== The task ==
Transcribe exactly the lines that fall between the one holding "Mexen Velar Duo" and the one holding "Open or switch", inclusive, from the entries below.

== The input ==
┄┄┄┄┄┄┄┄┄┄┄┄┄┄┄┄┄┄┄┄
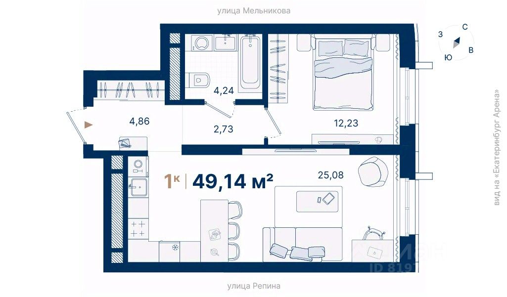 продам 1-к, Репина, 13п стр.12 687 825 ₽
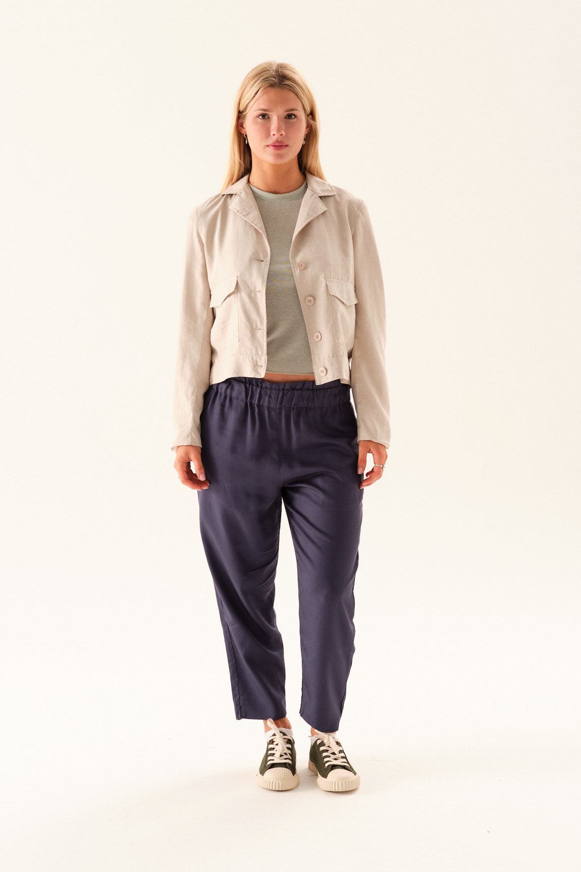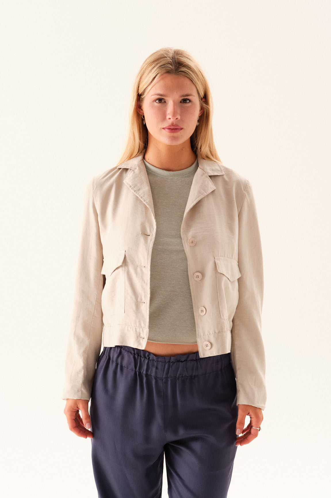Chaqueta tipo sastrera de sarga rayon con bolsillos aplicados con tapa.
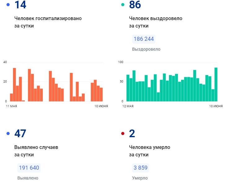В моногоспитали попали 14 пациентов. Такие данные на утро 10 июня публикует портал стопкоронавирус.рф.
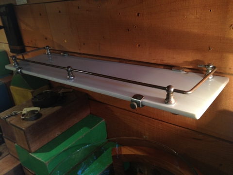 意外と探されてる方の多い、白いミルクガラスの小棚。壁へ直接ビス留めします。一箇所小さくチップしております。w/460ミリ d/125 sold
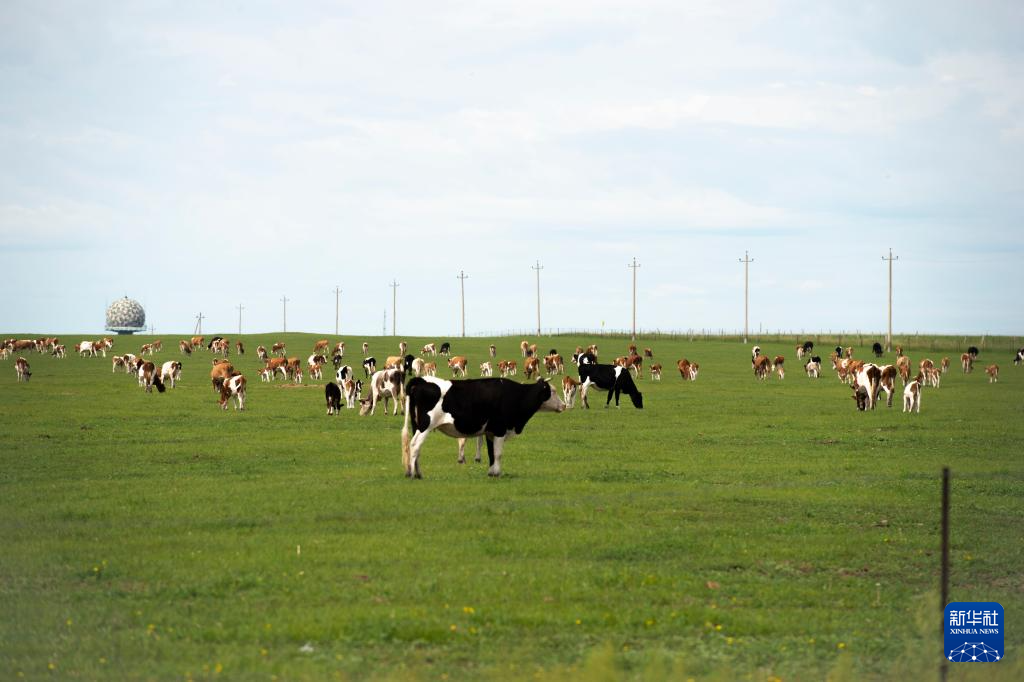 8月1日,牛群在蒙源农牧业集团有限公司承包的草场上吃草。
┄┄┄┄┄┄┄┄┄┄┄┄┄┄┄┄┄┄┄┄
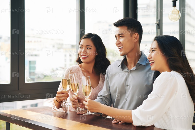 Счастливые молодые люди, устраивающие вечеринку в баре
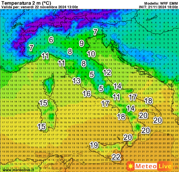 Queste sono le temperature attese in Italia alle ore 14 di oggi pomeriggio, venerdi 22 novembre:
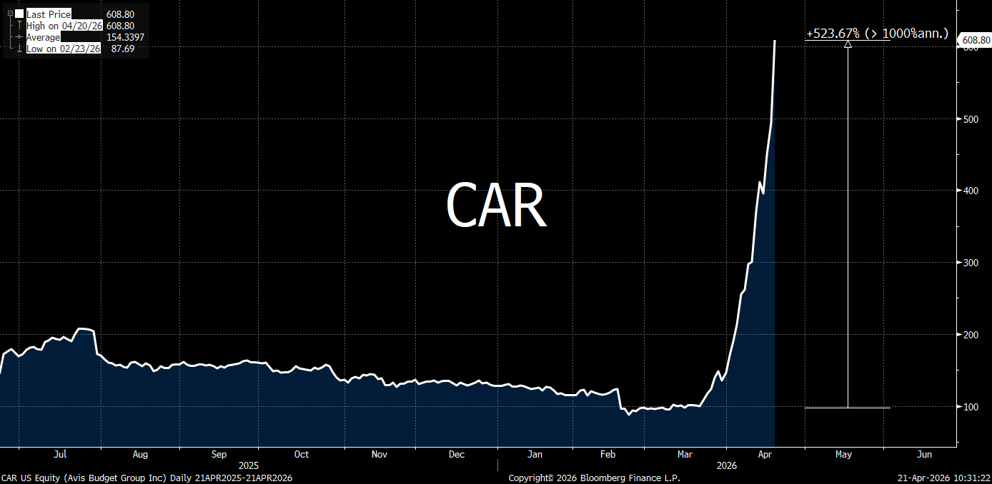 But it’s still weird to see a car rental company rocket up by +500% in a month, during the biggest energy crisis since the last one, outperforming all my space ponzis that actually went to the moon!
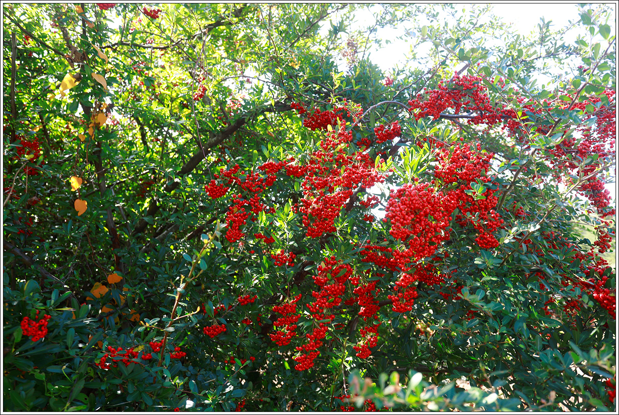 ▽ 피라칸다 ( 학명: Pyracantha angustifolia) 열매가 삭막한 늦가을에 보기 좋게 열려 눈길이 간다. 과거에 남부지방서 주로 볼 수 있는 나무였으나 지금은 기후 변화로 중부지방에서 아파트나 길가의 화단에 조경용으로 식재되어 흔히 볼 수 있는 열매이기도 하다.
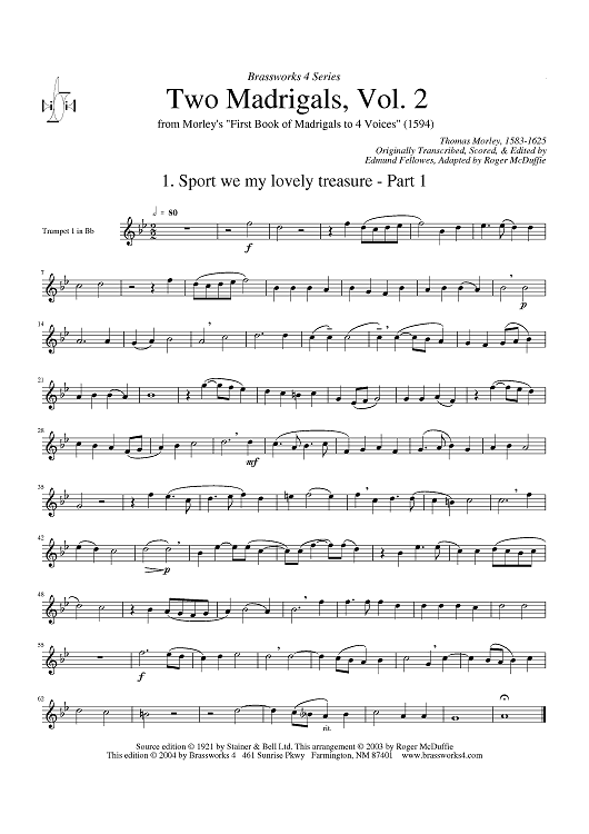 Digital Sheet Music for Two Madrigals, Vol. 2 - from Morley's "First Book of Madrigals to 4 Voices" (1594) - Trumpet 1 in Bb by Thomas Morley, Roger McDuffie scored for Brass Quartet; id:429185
┄┄┄┄┄┄┄┄┄┄┄┄┄┄┄┄┄┄┄┄
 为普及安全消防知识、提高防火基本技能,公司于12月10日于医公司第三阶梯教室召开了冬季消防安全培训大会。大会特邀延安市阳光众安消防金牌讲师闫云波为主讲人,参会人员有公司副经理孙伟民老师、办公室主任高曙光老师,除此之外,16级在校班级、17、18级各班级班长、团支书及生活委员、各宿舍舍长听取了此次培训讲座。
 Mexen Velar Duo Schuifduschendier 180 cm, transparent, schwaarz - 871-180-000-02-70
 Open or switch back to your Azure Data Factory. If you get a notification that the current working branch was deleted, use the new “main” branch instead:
┄┄┄┄┄┄┄┄┄┄┄┄┄┄┄┄┄┄┄┄
== Response area ==
 Mexen Velar Duo Schuifduschendier 180 cm, transparent, schwaarz - 871-180-000-02-70
 Open or switch back to your Azure Data Factory. If you get a notification that the current working branch was deleted, use the new “main” branch instead:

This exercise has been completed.